A veces, al recibirme en su casa, la chica de la lluvia se lucía con una minifalda negra y acampanada que le quedaba preciosa. Cuando la veía así, mi corazón latía pum pum pum... Algo me estallaba por dentro. Ella se sentaba en la silla de al lado, bastante cerca mío. Era inevitable respirar el perfume de su aliento y de su piel. Así era difícil conentrarme, ja. Solamente en ese sentido me hubiera gustado que la chica de la lluvia fuera igual a la sra. Krueger, que se sentaba a la cabecera de una mesa larguísima, como a dos metros de distancia. También me distraía oir la lluvia en el tejado y el agua goteando en las canillas de la cocina y del baño. Era habitual que la chica de la lluvia se acordara de regar las plantas mientras yo me demoraba en resolver algún ejercicio difícil. Tenía las macetas bien cuidadas con nenúfares, papiros, helechos, malvones y un largo etc. Nunca había visto tantas macetas con plantas de interiores. Ni siquiera mi mamá tenía tantas, y eso que le encantaban. La chica de la lluvia las tenía sobre los alfeízar que daban hacia la calle, el lateral y el contra frente, lo mismo que sobre una repisa de la sala. Cuando iba a regar estas últimas, yo levantaba la vista de mi cuaderno involuntariamente para verla subirse con una regaderita en la mano a una pequeña escalera plegable. Era una ceremonia encantadora, sobre todo si la chica de la lluvia lucía su minifalda acampanada.

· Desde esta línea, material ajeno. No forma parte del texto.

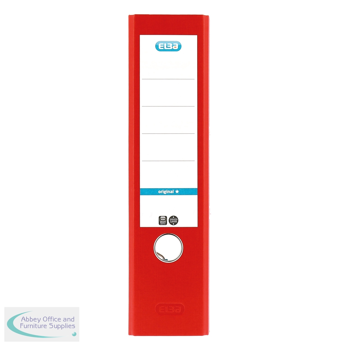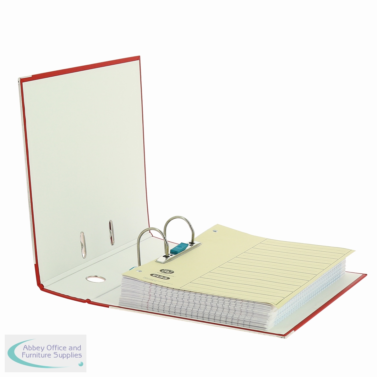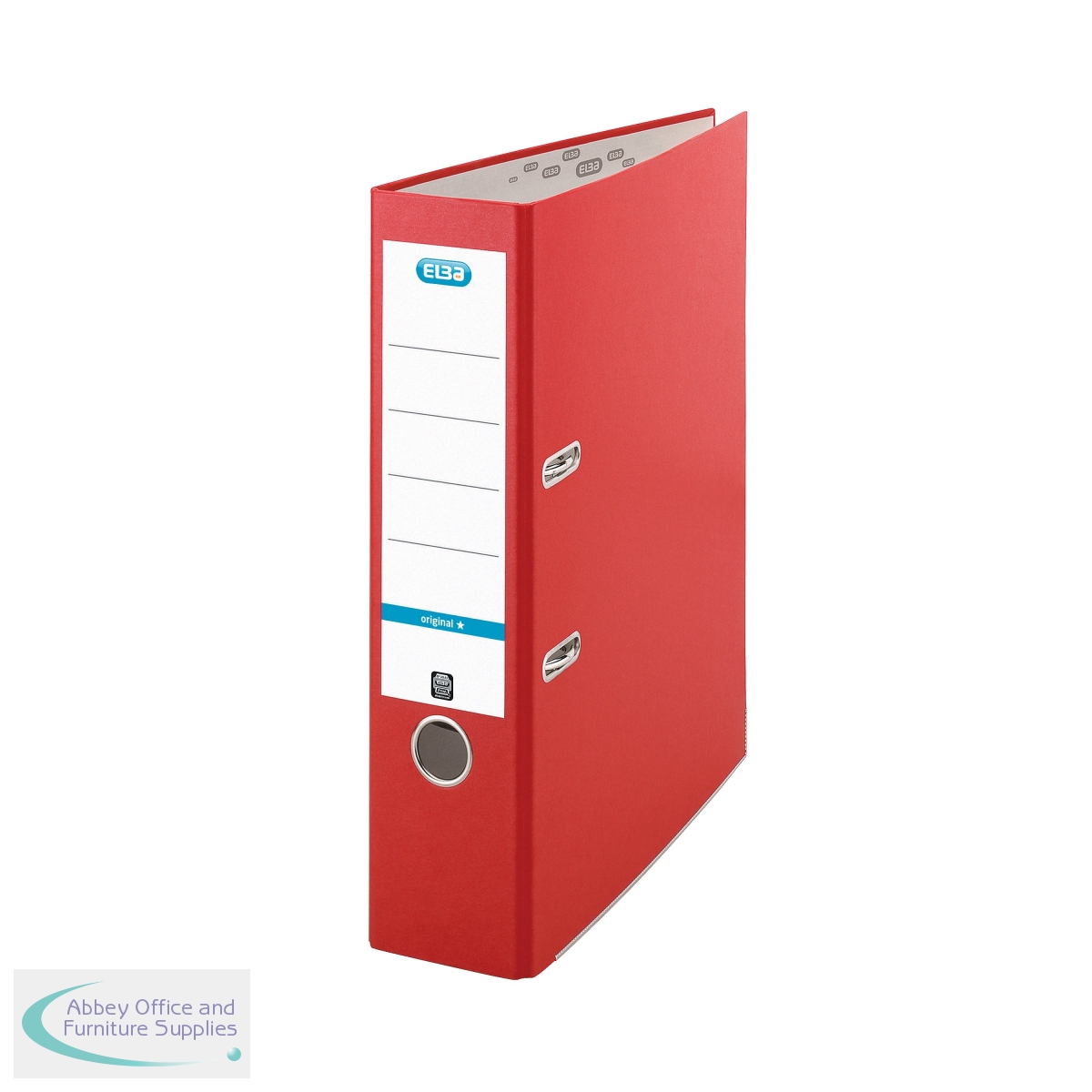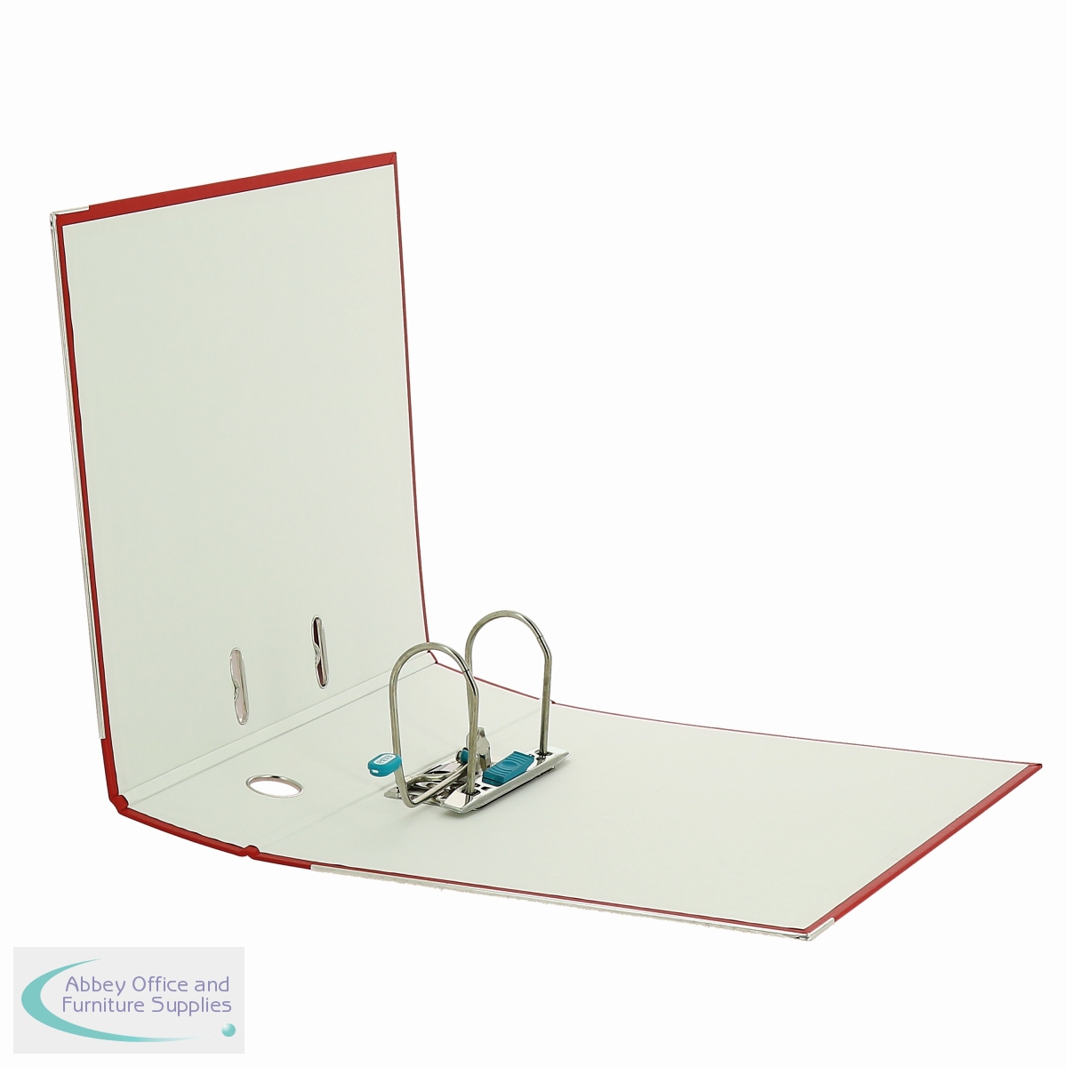 This Elba file features a standard lever arch mechanism with a 70mm capacity for filing A4 documents. Made from strong board, the file features a metal reinforced edge and metal thumb hole for easy retrieval from a shelf. This product is made from 76% recycled materials. This pack contains 10 red lever arch files, ideal for colour coordinated filing.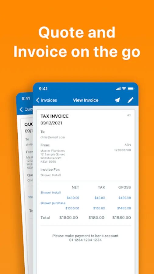 * Generate quick and easy PDF invoices on the spot and email them directly to clients.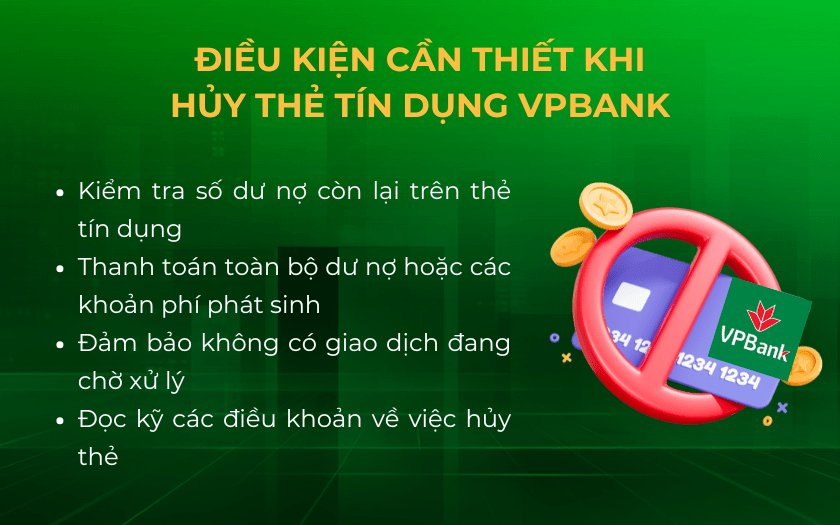 Để hủy thẻ tín dụng VPBank, bạn chỉ cần đảm bảo rằng đã thanh toán hết tất cả các khoản nợ, bao gồm cả gốc, lãi và phí trả góp (nếu có). Ngoài ra, nếu bạn muốn được miễn phí thường niên cho năm đầu tiên, hãy nhớ phát sinh ít nhất một giao dịch từ 300.000 VNĐ. Điều này giúp bạn tối ưu hóa quyền lợi khi sử dụng thẻ.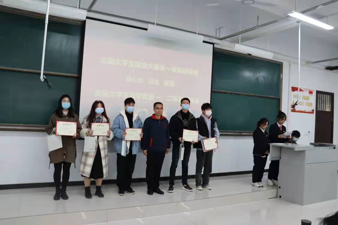 接着,学院直属党支部书记陶金仓同志宣布了表彰决定,授予在全国数学大赛和全国数学建模大赛中表现突出的任龙、崔伟、张心怡、杨荣福、李留园、高梦宇、邵恩康、王佳莉、舒心、周书博、马芙雨、李燕微等12名同学“双创先进个人”荣誉称号;授予2020-2021学年年级专业第一名舒心、王雪冰等2名同学“学习标兵”荣誉称号;授予在学生工作中表现突出的任晓莉、任帅帅、杨盼盼、 张天浩、刘国才、刘娟、郑婉玉、王昆、王怡雯、霍胜利、张文宇、郭欣然、李亚航、陈宇洋、于婉榕等15名同学“优秀学生干部”荣誉称号。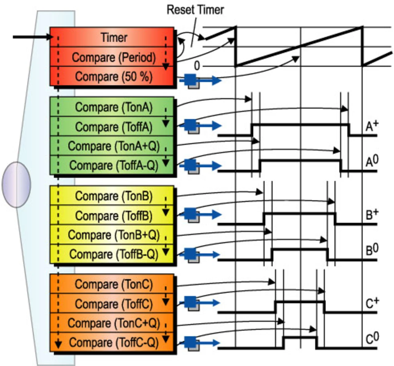 Es gibt verschiedene Wege, ein derartiges Motor-Management zu implementieren. Man kann z.B. zwei separate PWM-Signale – eine Standard-PWM und eine Center-PWM – mit kohärentem Update benutzen, um die erforderlichen vier Phasen zu realisieren. Versieht man beide noch mit einer automatischen Reload-Funktion, um die Geschwindigkeit des Motors durch andere Parameter in den PWM-Signalen zu ändern, dann benötigt man insgesamt zwölf LTC-Zellen – fünf für die Standard-PWM mit Reload-Funktion (eine Timer-Zelle und 2 x 2 Komparatoren) und sieben für die Center-PWM.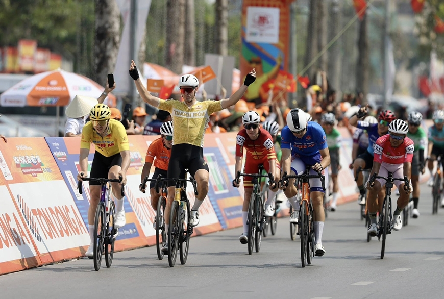 Anton Popov của đội Thanh Hóa tung cú nước rút mạnh mẽ, thắng chặng 6 Giải đua xe đạp toàn quốc Cúp Truyền hình TP Hồ Chí Minh với chủ đề Non sông liền một dải lần thứ 38 năm 2026.

Ella era tan diferente a la sra. Krueger. Con el correr de los días yo me sentí estupendo en compañía suya, tanto que la percibía casi como exclusivamente mía. Se levantaba de la silla solo para ir a regar las plantas o quedarse mirando la lluvia un rato a través de la ventana. Eran escenas tan románticas. También se levantaba para prepararme una riquísima merienda con té y galletitas. Yo había conseguido unas clases de apoyo perfectas. Pero una tarde sonó el timbre y la armonía de las clases se rompió para siempre. La chica de la lluvia se levantó y dijo "debe ser Javi, el chico nuevo, ahora vas a tener un compañero, sabés". Entonces atendió por el portero y dijo: "pasá, Javi". Yo estaba en silencio, esperando a que ese tal Javi llamara a la puerta. Al rato apareció y la chica de la lluvia le sonrió de una manera que me pareció hermosa y desconocida. Javi también era re fachero, un adonis alto, rubio y atlético, con una trencita de cabello que le asomaba a la altura del cuello. Para colmo también traía un estuche de guitarra colgada al hombro. Él tenía ese aspecto del bohemio que hizo muchos viajes interesantes y vuelve locas a todas las chicas.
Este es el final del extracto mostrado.